When the study package itself is not included in the lock file, the user will need to clone the project (which requires git to be installed), and build the study package after all dependencies have been loaded.
Follow these steps to install the study package and all its dependencies:
Even though renv
tries to make sure all the versions specified in the lock file are loaded in the library, for many reasons it may be that the wrong versions are loaded at runtime. One scenario where this has happened is when the user forgets to run renv
before running the study package. To make absolutely sure the right versions are executed, it is recommended to add a function to the study package that checks all dependency versions, and execute that function as a first step in the study’s main function. Below is an example function. Note that this function depends on RJSONIO
and dplyr
, so make sure these are in your lock file as well.

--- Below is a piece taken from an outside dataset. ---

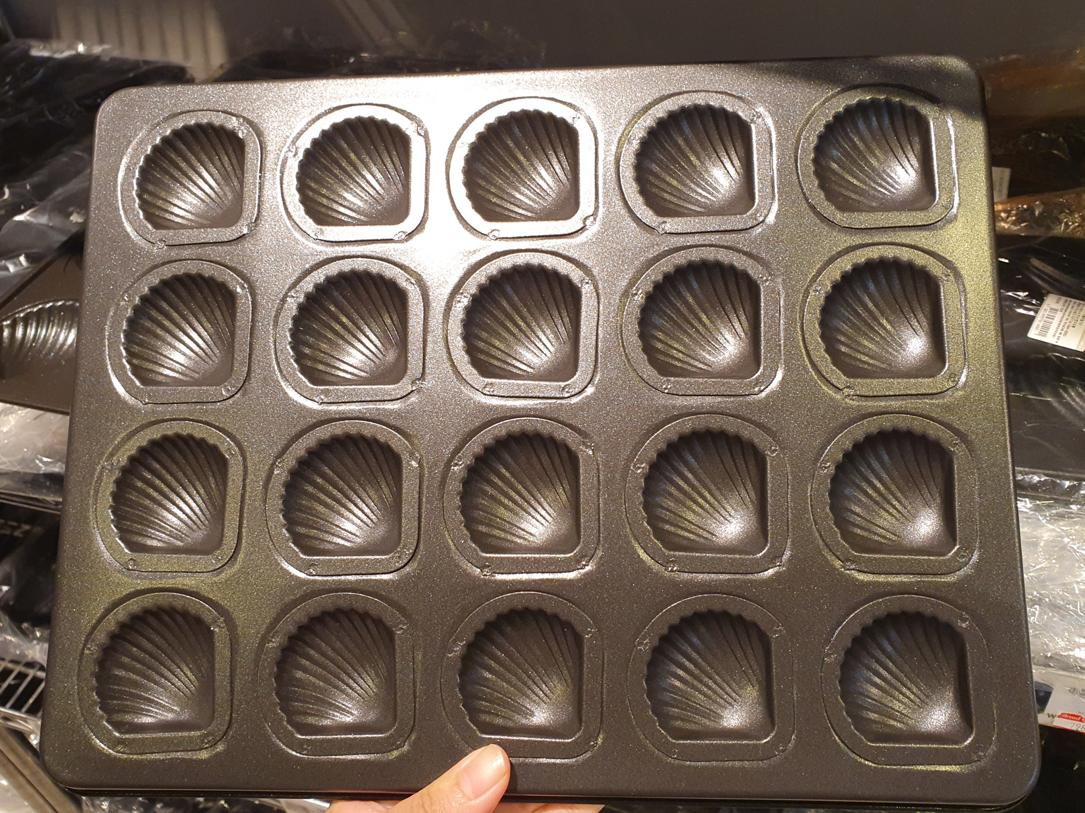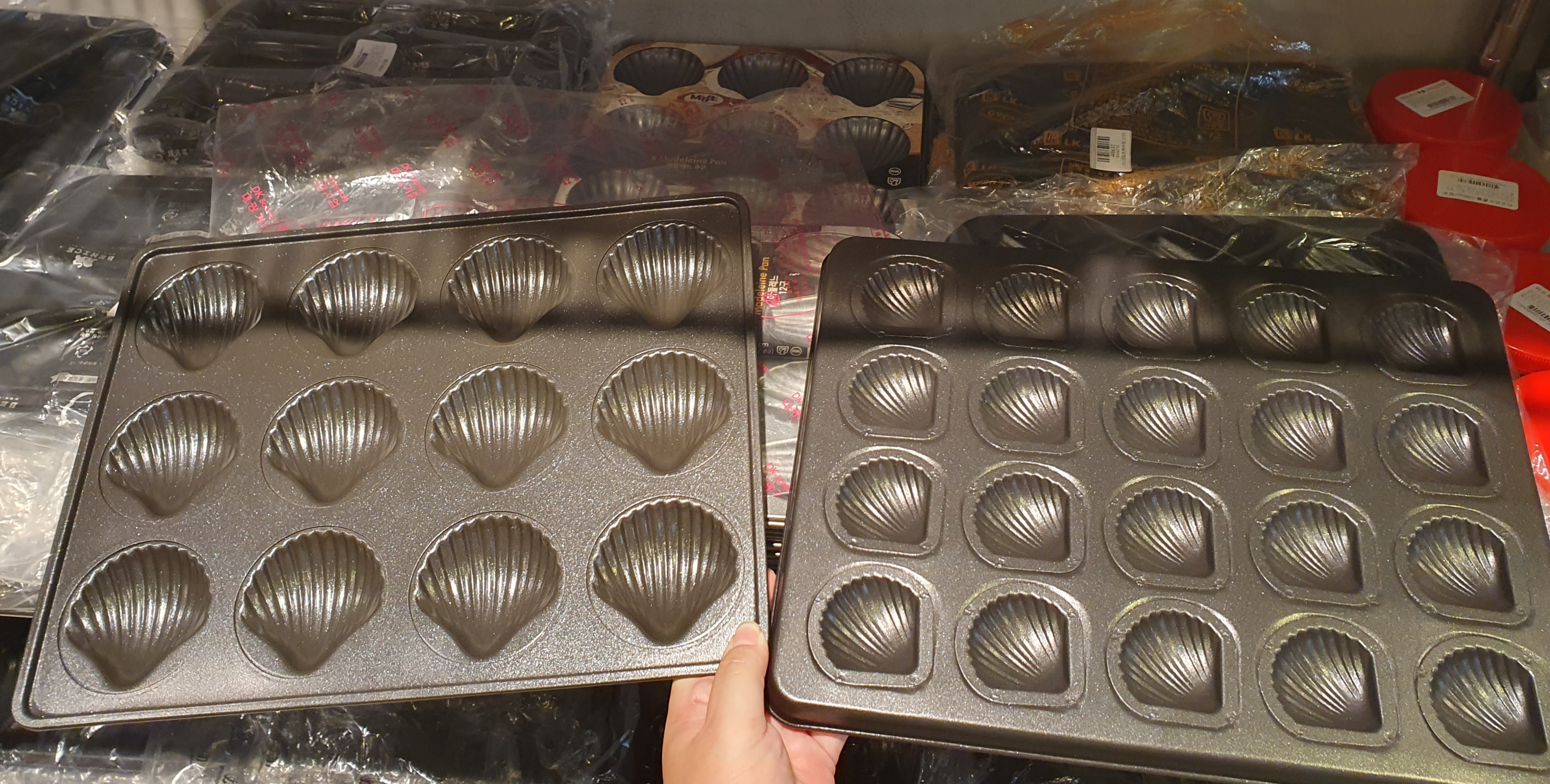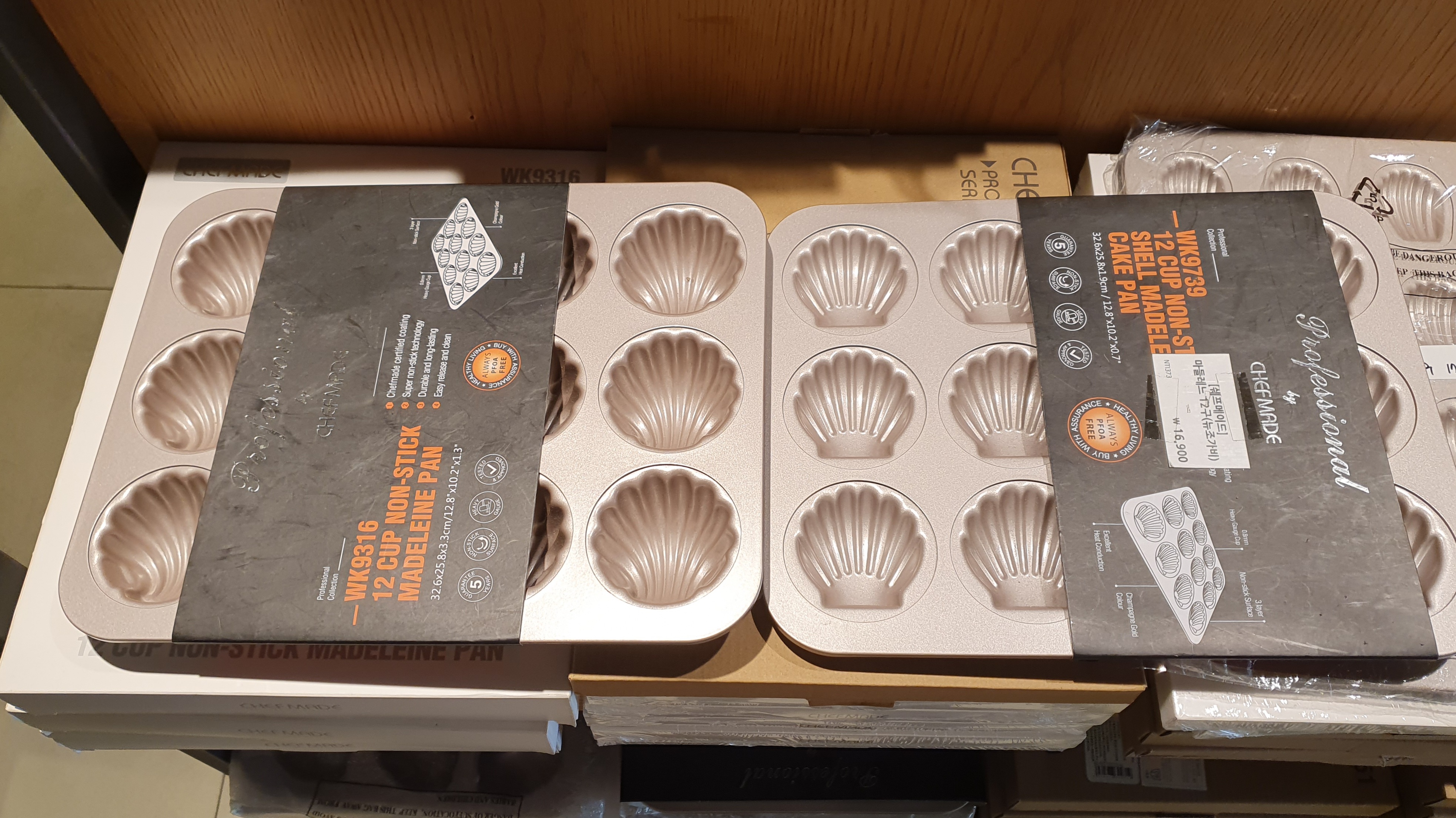 가장 기본적인 마들렌 틀들. MESSE 마들렌 틀은 가격인상 없이 그대로 9,900원이다. 그 옆은 미니오븐들 용으로 쓰는 6구짜리 마들렌틀. 만원 초반이라 가격대는 괜찮은데, 내 오븐은 42L라 굳이 6구를 여러 개 살 필요없이 12구를 사기로 했다. MESSE 조가비 틀 2개가 한 줄에 들어가면 딱 좋을텐데 1cm 정도 차이로 두 판이 안들어가서 아쉽다.

verifyDependencies <- function() {
expected <- RJSONIO::fromJSON("renv.lock")
expected <- dplyr::bind_rows(expected[[2]])
basePackages <- rownames(installed.packages(priority = "base"))
expected <- expected[!expected$Package %in% basePackages, ]
observedVersions <- sapply(sapply(expected$Package, packageVersion), paste, collapse = ".")
expectedVersions <- sapply(sapply(expected$Version, numeric_version), paste, collapse = ".")
mismatchIdx <- which(observedVersions != expectedVersions)
if (length(mismatchIdx) > 0) {
lines <- sapply(mismatchIdx, function(idx) sprintf("- Package %s version %s should be %s",
expected$Package[idx],
observedVersions[idx],
expectedVersions[idx]))
message <- paste(c("Mismatch between required and installed package versions. Did you forget to run renv::restore()?",
lines),
collapse = "\n")
stop(message)
}
}
Once this function has been added to the study package it is recommended to add a call to this function to your study’s main function like this.
Once you’re done creating a lock file, and writing the instructions for how people can install your study package including its dependencies, make sure to test the instructions. Since renv
isolates the study project, you can even do this using the same machine used to create the package and lock file (just in a different folder).
If you wish to update a dependency in the lock file (like your study package), there are two options, depending on whether the version number of the package has increased:
If the version number has increased (for example the version number of your study package increased because you changed it in the DESCRIPTION file), you can simply update the version number in the lock file. See details on the lock file earlier in the document. Then, to update the package library in your R project, you can call
renv::restore(packages = c("myPackage"))
Where ‘myPackage’ is the package you’re updating.
If the package has changed, but the version number hasn’t (for example because you just made a minor change to your study package) you should be aware that renv
maintains a package cache. That means that, even if you were to delete the entire project library, renv
would still install the old version of the package from the cache, rather than installing it from its source.
To completely purge a package from the renv
cache, and install it again, make sure to restart R (so the package isn’t locked), and use:
# Remove the package from the library:
remove.packages("myPackage")
# Purge the package from the renv cache:
renv::purge("myPackage")
# Restore the new version of the package from its source:
renv::restore(packages = c("myPackage"))
Where ‘myPackage’ is the package you’re updating.